PROBLEM: Look for the line that has "Scope: J&M Brown" in the material below; please repeat it and every line after it, exactly, up to and including the line that has "ミニマルでシンプルなブロック", and nothing else.

EXTRACTED ENTRIES:
..............................
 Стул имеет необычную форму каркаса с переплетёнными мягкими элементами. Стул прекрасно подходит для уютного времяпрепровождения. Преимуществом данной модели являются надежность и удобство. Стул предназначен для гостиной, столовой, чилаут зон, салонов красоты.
..............................
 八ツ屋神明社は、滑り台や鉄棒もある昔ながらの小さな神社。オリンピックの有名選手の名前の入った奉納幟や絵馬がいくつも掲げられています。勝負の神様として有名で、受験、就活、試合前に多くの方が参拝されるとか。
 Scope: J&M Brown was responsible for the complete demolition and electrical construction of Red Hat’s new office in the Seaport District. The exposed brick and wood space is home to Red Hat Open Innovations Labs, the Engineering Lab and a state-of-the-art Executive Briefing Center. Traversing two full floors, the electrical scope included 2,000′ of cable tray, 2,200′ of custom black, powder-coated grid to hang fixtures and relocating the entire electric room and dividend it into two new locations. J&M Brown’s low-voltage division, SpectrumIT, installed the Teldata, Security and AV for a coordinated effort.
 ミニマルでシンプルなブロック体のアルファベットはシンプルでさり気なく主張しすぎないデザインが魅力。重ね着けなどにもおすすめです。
..............................
FINAL ANSWER:
 Scope: J&M Brown was responsible for the complete demolition and electrical construction of Red Hat’s new office in the Seaport District. The exposed brick and wood space is home to Red Hat Open Innovations Labs, the Engineering Lab and a state-of-the-art Executive Briefing Center. Traversing two full floors, the electrical scope included 2,000′ of cable tray, 2,200′ of custom black, powder-coated grid to hang fixtures and relocating the entire electric room and dividend it into two new locations. J&M Brown’s low-voltage division, SpectrumIT, installed the Teldata, Security and AV for a coordinated effort.
 ミニマルでシンプルなブロック体のアルファベットはシンプルでさり気なく主張しすぎないデザインが魅力。重ね着けなどにもおすすめです。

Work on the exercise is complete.